● Recorded information:
.....

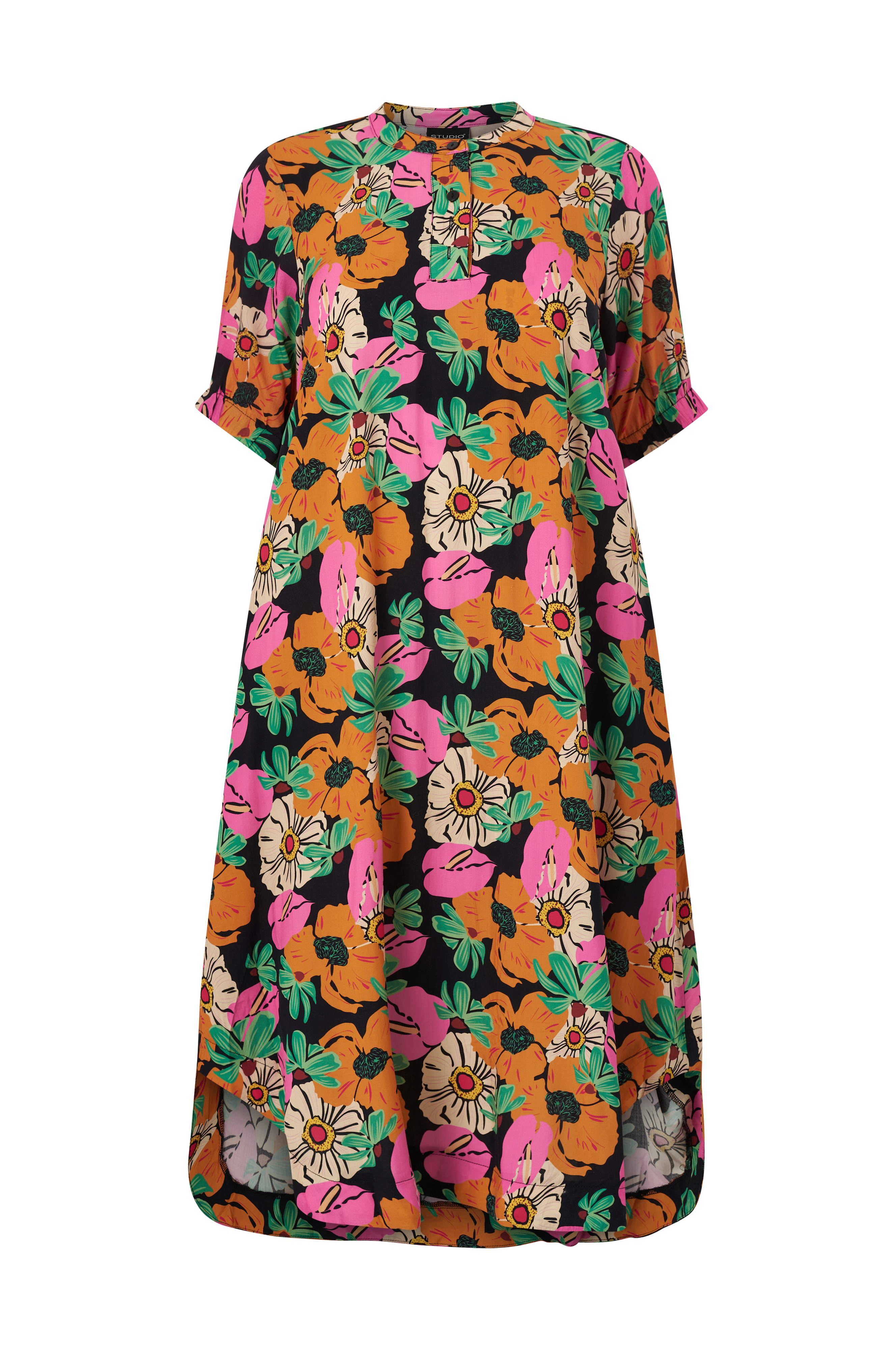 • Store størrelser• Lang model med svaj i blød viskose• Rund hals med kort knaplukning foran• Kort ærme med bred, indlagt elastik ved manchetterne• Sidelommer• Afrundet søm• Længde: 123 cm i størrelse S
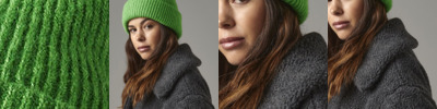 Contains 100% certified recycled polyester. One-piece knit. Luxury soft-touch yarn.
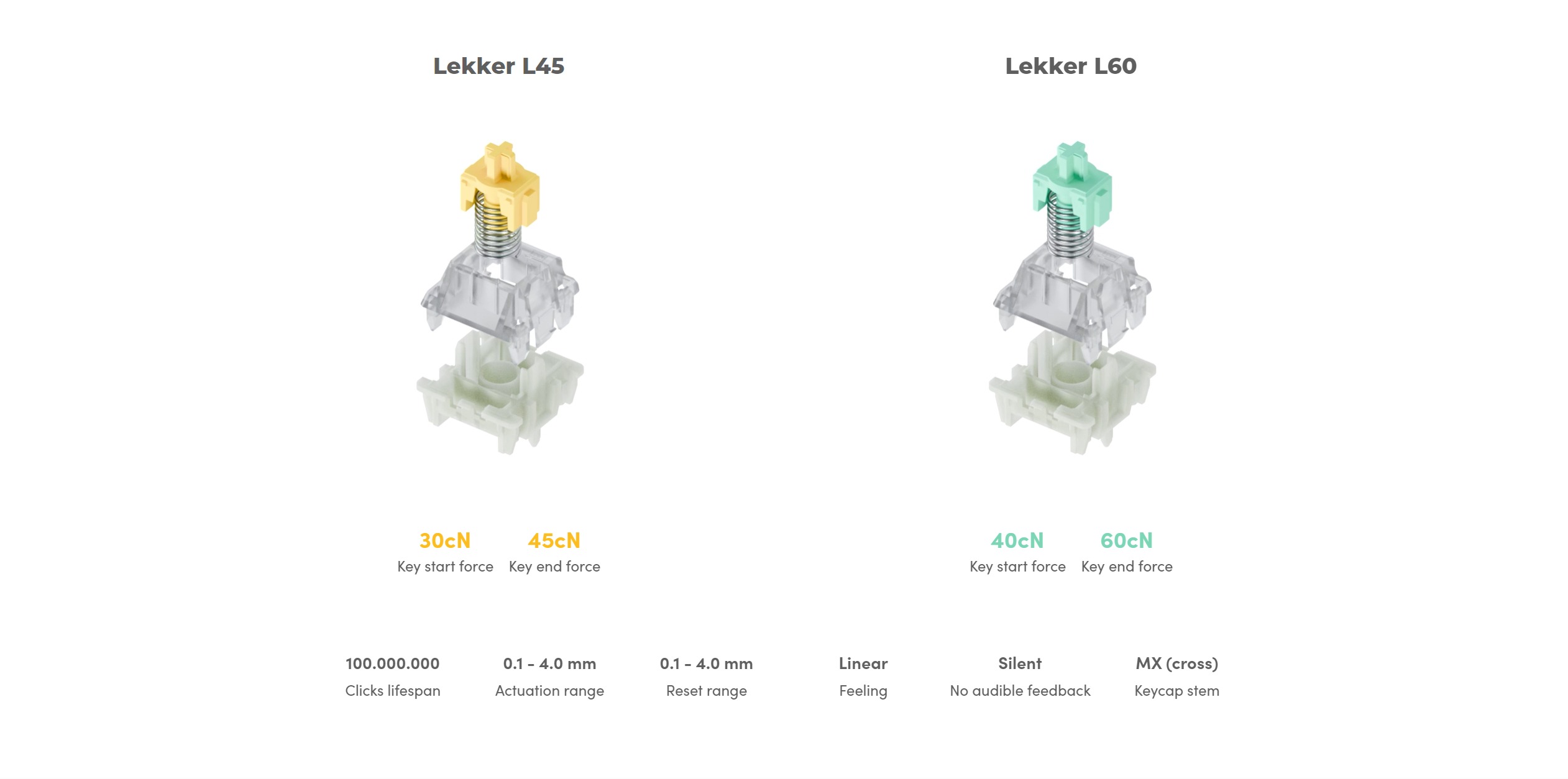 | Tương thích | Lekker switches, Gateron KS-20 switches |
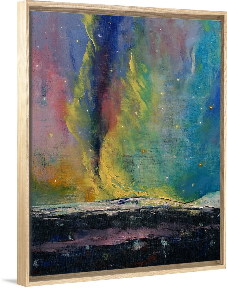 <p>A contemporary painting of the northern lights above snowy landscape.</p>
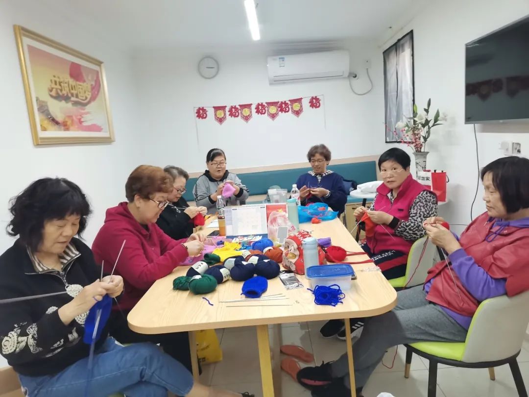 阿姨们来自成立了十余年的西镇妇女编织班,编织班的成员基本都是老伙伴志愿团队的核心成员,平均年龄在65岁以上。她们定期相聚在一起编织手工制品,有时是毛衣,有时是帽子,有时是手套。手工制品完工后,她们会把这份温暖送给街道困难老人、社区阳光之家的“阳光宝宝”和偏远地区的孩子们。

.....

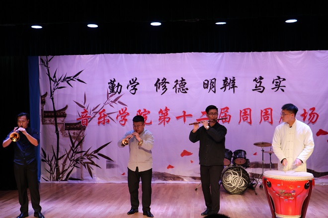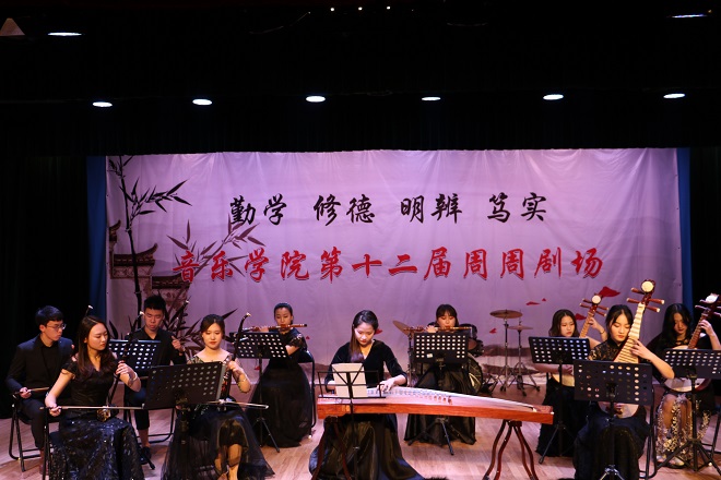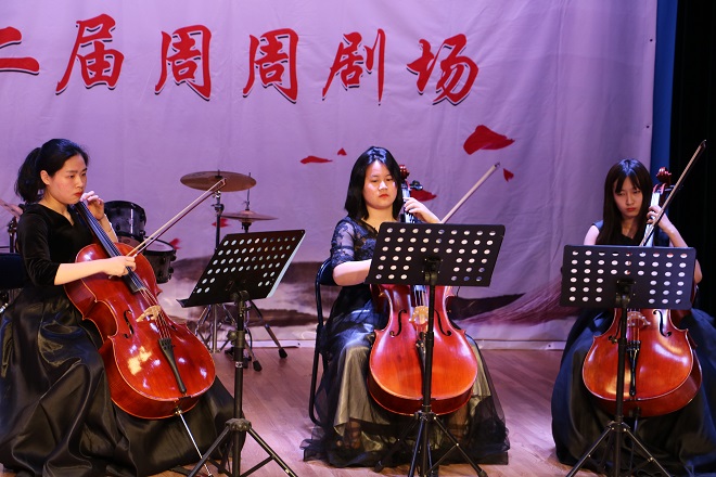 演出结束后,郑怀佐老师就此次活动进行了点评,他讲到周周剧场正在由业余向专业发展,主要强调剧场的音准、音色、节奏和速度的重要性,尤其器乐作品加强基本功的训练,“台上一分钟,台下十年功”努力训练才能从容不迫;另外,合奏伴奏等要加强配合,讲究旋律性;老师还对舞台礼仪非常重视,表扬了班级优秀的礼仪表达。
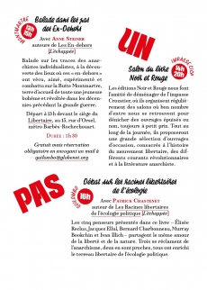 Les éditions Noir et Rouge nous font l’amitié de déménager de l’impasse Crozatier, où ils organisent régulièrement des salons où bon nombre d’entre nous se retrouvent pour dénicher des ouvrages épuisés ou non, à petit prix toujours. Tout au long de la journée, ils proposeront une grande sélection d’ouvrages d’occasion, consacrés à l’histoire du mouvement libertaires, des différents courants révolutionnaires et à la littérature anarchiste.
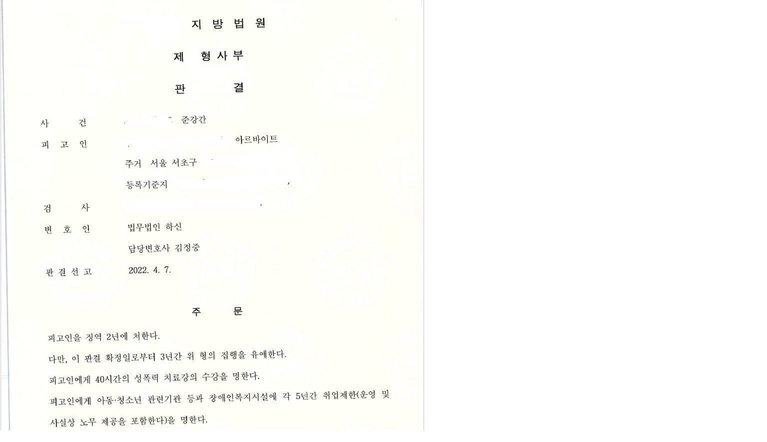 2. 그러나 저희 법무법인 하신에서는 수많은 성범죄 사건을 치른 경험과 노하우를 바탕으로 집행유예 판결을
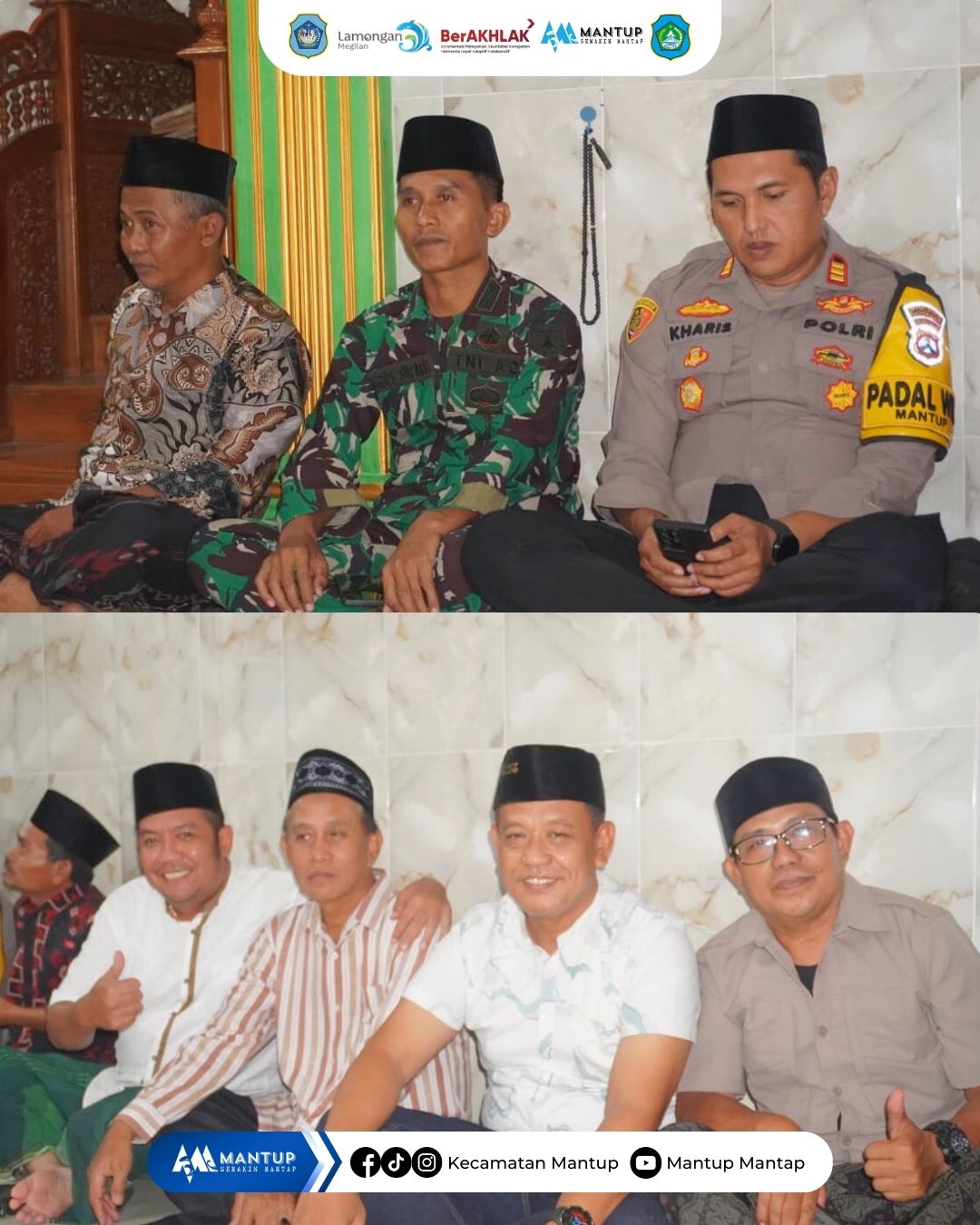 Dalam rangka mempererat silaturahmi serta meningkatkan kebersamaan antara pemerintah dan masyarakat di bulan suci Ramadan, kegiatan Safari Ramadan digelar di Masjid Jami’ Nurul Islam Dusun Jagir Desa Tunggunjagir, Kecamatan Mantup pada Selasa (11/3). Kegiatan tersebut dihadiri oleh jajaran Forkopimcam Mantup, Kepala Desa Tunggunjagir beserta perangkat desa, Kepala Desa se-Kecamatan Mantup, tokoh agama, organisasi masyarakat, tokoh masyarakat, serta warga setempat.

.....

● Description of the task: What is needed is an exact copy of the lines above, from the one holding "2. 그러나 저희 법무법인" down to the one holding "Dalam rangka mempererat", with those two included and the pictures left out.

● Written answer:
 2. 그러나 저희 법무법인 하신에서는 수많은 성범죄 사건을 치른 경험과 노하우를 바탕으로 집행유예 판결을
 Dalam rangka mempererat silaturahmi serta meningkatkan kebersamaan antara pemerintah dan masyarakat di bulan suci Ramadan, kegiatan Safari Ramadan digelar di Masjid Jami’ Nurul Islam Dusun Jagir Desa Tunggunjagir, Kecamatan Mantup pada Selasa (11/3). Kegiatan tersebut dihadiri oleh jajaran Forkopimcam Mantup, Kepala Desa Tunggunjagir beserta perangkat desa, Kepala Desa se-Kecamatan Mantup, tokoh agama, organisasi masyarakat, tokoh masyarakat, serta warga setempat.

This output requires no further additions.